In our study, some limitations should be kept in the mind. One challenge of this study is to control confounding factors. As shown in Table 1 and Supplemental Fig. S2, most of the clinical variables we collected were associated with both hyperuricemia and our target SNP. Although we have adjusted these factors in our multivariate model, it is still possible that some underlying confounders have been missed. Some previous similar studies have included blood pressure measures as covariates in the multivariate model10,11, however, we did not collect these measures, so they were not adjusted in our model. This might introduce some confounding effects on our results. In addition, we did not apply any statistical techniques in addressing the potential population stratification in this genetic association study. As a candidate gene-based study, we simply did not have enough genetic markers to estimate the principle components for our sample. However, we have applied some criteria during the sample recruitment process to control the genetic heterogeneity of our sample by restricting their immigration history, and the Q-Q plot of our simple model did not show any signs of inflation for our tested markers. Finally, Population stratification is one of the major limitations to weaken the reliability of our significant results. However, we have tried our best to rule out the potential effects of population stratification by restricting the genetic background (through confining the immigration history of study subjects) during the sample collection21,22.
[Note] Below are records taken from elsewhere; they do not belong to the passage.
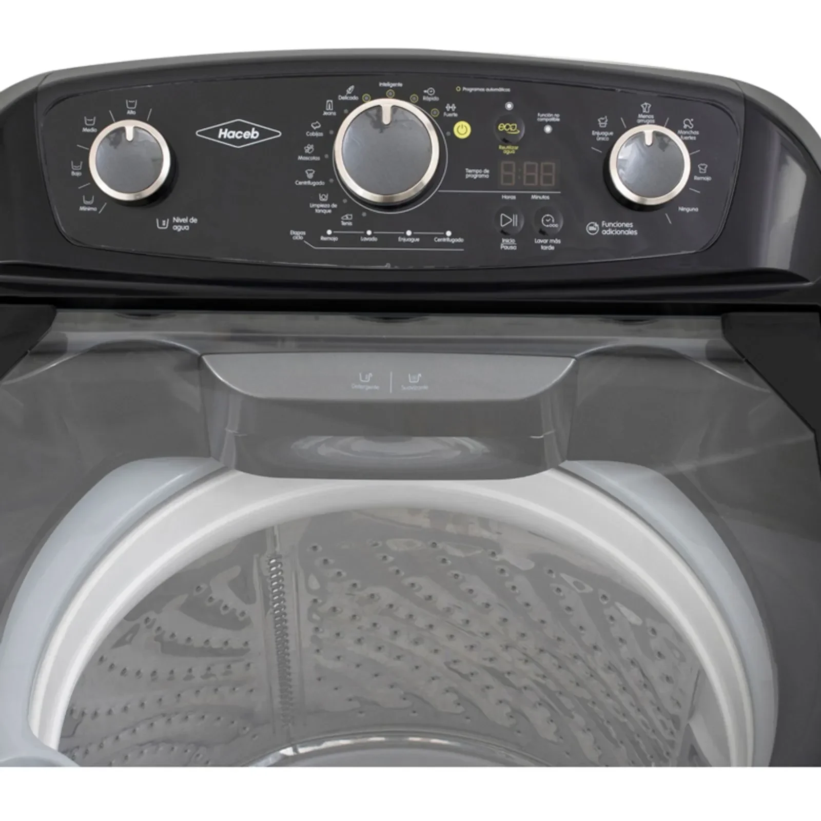 Cuidado ideal para tus prendas preferidas con la Lavadora Manual AWÜA de 13 kg Negra HACEB. Cuenta con un sistema de lavado profundo con corrientes de agua para mayor efectividad, además de 5 programas automáticos que miden la cantidad de ropa y activan el ciclo adecuado. Posee sistema de aerocentrifugado que seca mejor tu ropa, además, un sistema de filtración activa para reducir las pelusas en tu ropa. Incluye sistema ECO para que ahorres hasta 80 litros de agua.
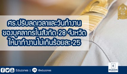 ข่าวเด่น! ศธ.ปรับลดเวลาและวันทำงานของบุคลากรในสังกัด 28 จังหวัด ให้มาทำงานไม่เกินร้อยละ 25 EZ Webmaster January 4, 2021 เมื่อวันที่ 3 มกราคม 2564 ที่ผ่านมา ปลัดกระทรวงศึกษาธิการ นายสุภัทร จำปาทอง ได้ลงนามประกาศกระทรวงศึกษาธิการ เรื่อง การป้องกันและควบคุมสถานการณ์การแพร่ระบาดของโรคติดเชื้อไวรัสโคโรนา 2019 (COVID-19) โดยการปรับลดเวลาและวันทำงานของบุคลากรในสังกัดและในกำกับของกระทรวงศึกษาธิการ โดยมีเนื้อหา ดังนี้…
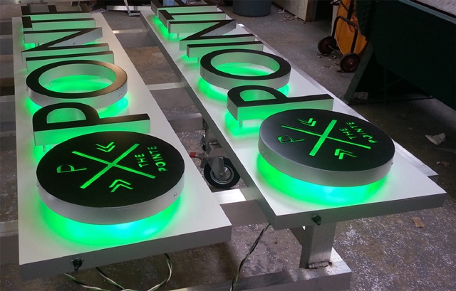 Channel letters are sometimes called dimensional letters, and refer to letters or shapes that have depth. Channels have sides (returns) and a face that’s often illuminated. Or in the case of this example, they can be Reverse Channels, which means the back of the letter is open as opposed to the face. This is also a good example of Halo Illumination, which has a translucent backing that allows the internal LEDs to shine behind the letters onto the supporting surface. In this example we routed design elements into the faces to create both face and halo illuminated channel effects.
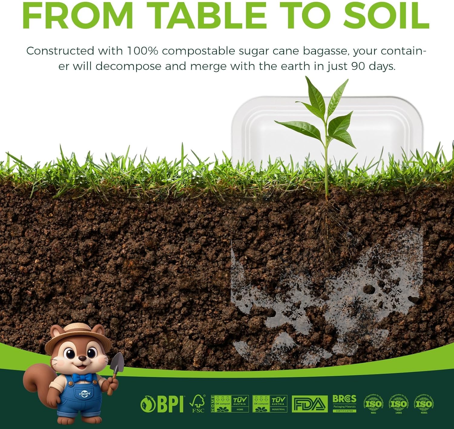 - Material : Bagasse, 100% sugarcan pulp
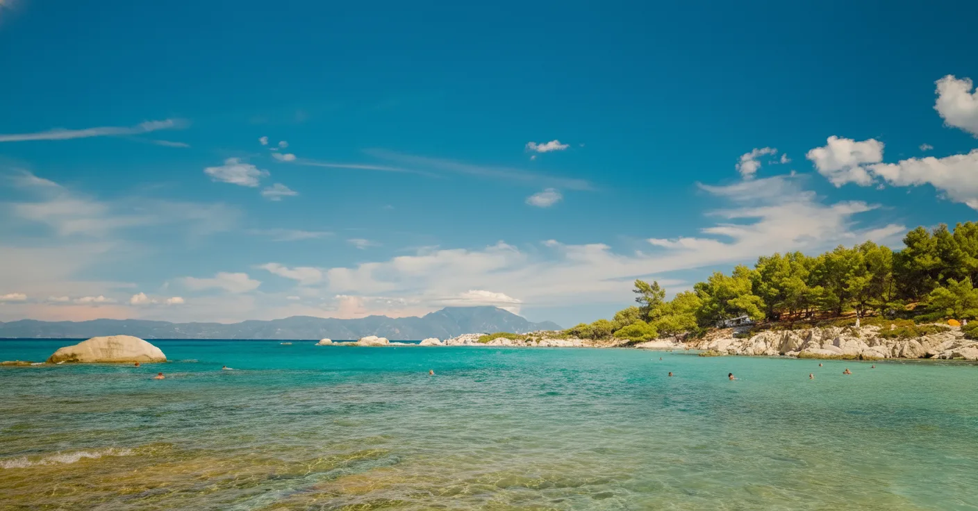 The wide beach layout allows space to enjoy the sea, while surrounding hills create an open island
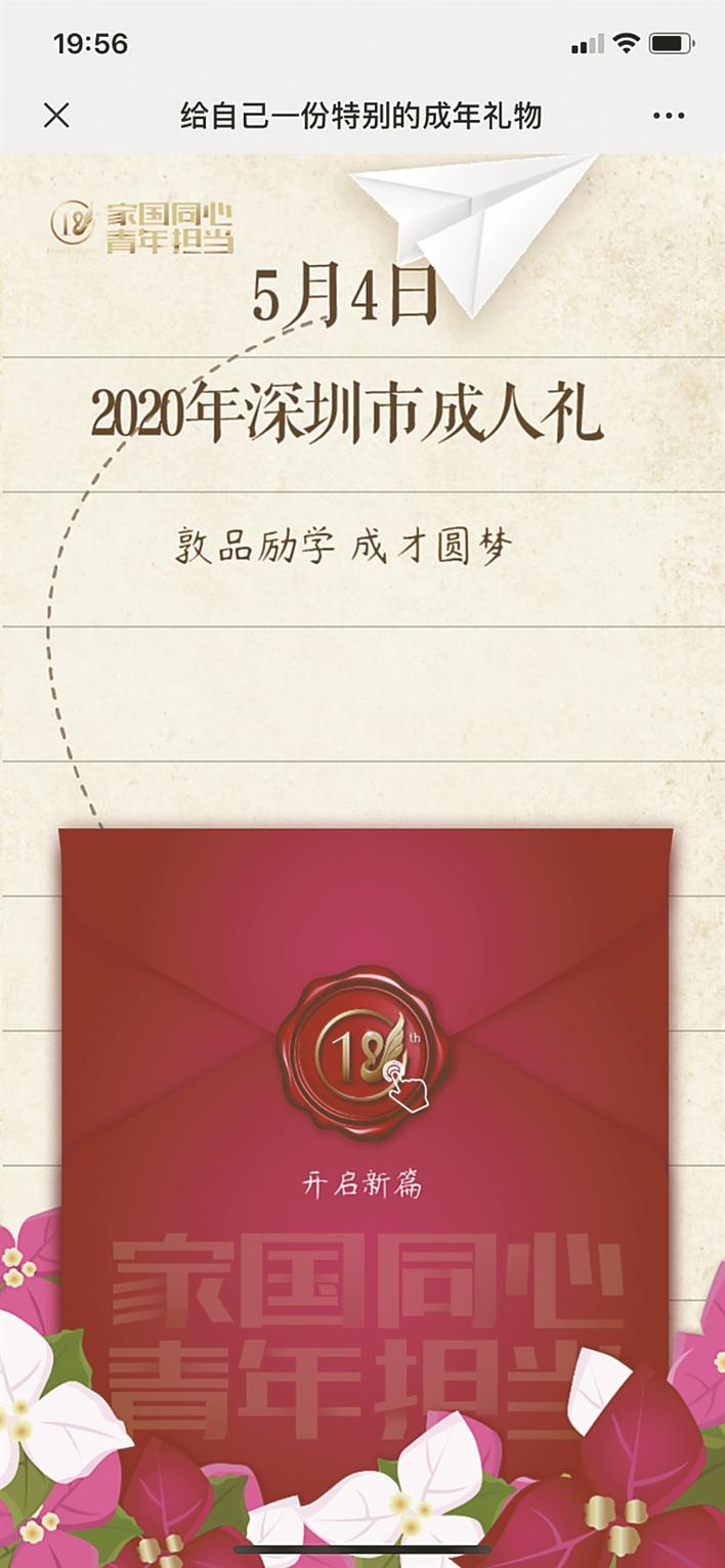 5月4日,由深圳市文明辦、深圳市教育局、共青團深圳市委員會主辦,深圳報業(yè)集團深圳晚報社承辦的“2020深圳市成人禮”線上宣誓典禮舉行,吸引了深圳眾多即將成年的學(xué)子積極參加。對這次特殊的成人宣誓典禮,學(xué)子們紛紛表示很特別,很暖心。
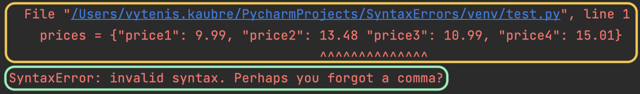prices = {"price1": 9.99, "price2": 13.48, "price3": 10.99, "price4": 15.01}Now, rerun the code to see what’s the second syntax error:
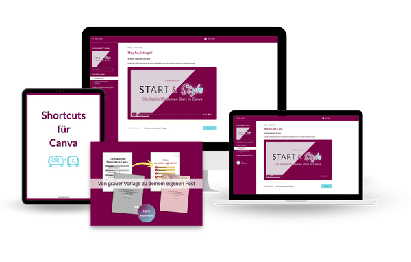 Deswegen ist Start & Style entstanden. Ein Kurs, der dir Orientierung in Canva gibt. Ein Kurs der dir zeigt, wie du direkt loslegst und deine ersten Posts gestaltest, passend zu dir und deinem Business. Damit aus deinem “Ich check das nie.” ein ”Yeah, ich pack das!” wird.
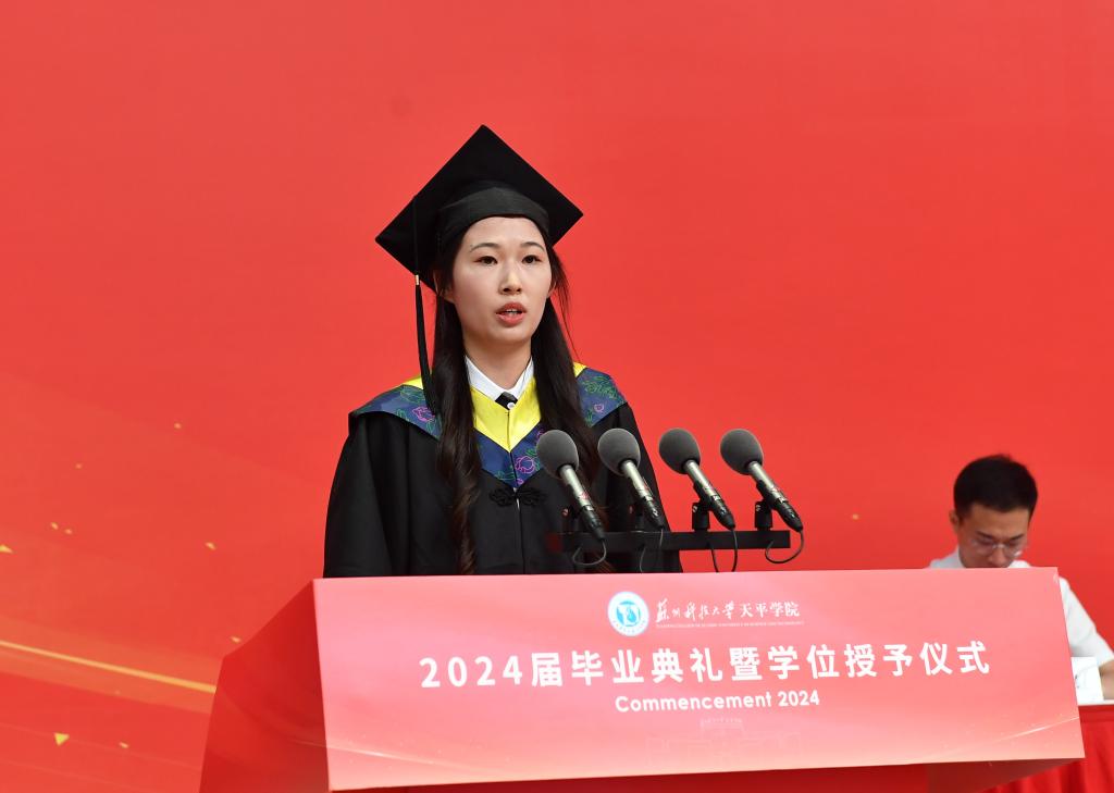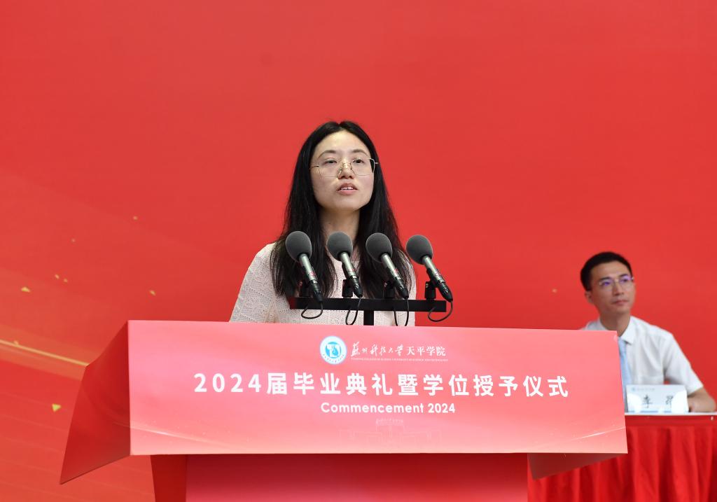 环境科学与工程学院给排水2021班尹艺璇同学代表全体毕业生发言,表示将保持坚韧与执着,不断超越自我,在人生的道路上砥砺前行。教师代表费珺在发言中希望全体毕业生坚持勤劳和勇敢、正直和善良,面向未来,奔腾不止,在各自的领域里承担“社会人”的责任。毕业生家长代表杨伟成先生希望全体毕业生要保持热情、不断学习、努力奋斗,用智慧和勇气书写精彩人生。
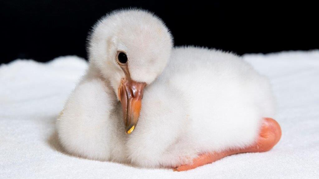 Chilean flamingos are white at hatching, later turning grey. It will be many months before the 2018 chicks begin to show signs of their parents’ signature pink color. The pink coloration is a result of beta caretinoids in flamingos’ diet, both in the wild and in zoos.
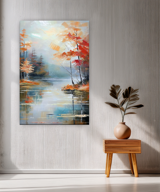 A tranquil autumn landscape alive with warm tones of red, gold, and orange reflecting over a calm lake. The misty backdrop and soft brushstrokes create a peaceful, dreamlike atmosphere, bringing the beauty of fall directly into your living space. Printed...
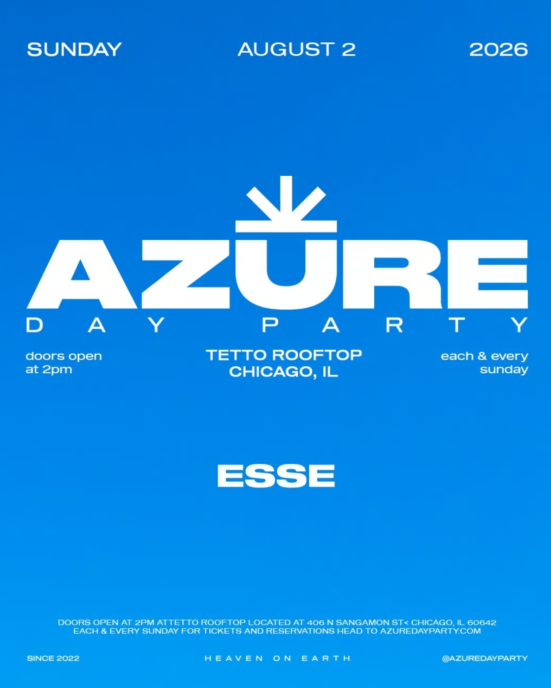 ☀️ 08/02: SUNDAY DAYTIME: TETTO ROOFTOP: "Azure Day Party" ft. Esse

In sum, this study has identified a significant SNP located within FAM35A to be associated with hyperuricemia and the blood uric acid level, and after adjusting for multiple potential confounders, the association signal is still attained for the uric acid level. Our findings indicated that the previously identified effects of rs7903456 on gout in Japanese population might be partly mediated by its effect on the uric acid level. More studies in the future are needed to clarify the biological functions of FAM35A and NUTM2A. In addition, it might be worth diverting the focus from FAM35A to GLUD1, which is related to nitrogen metabolism since our bioinformatics analyses showed that rs7903456 was also associated with the expression of GLUD1.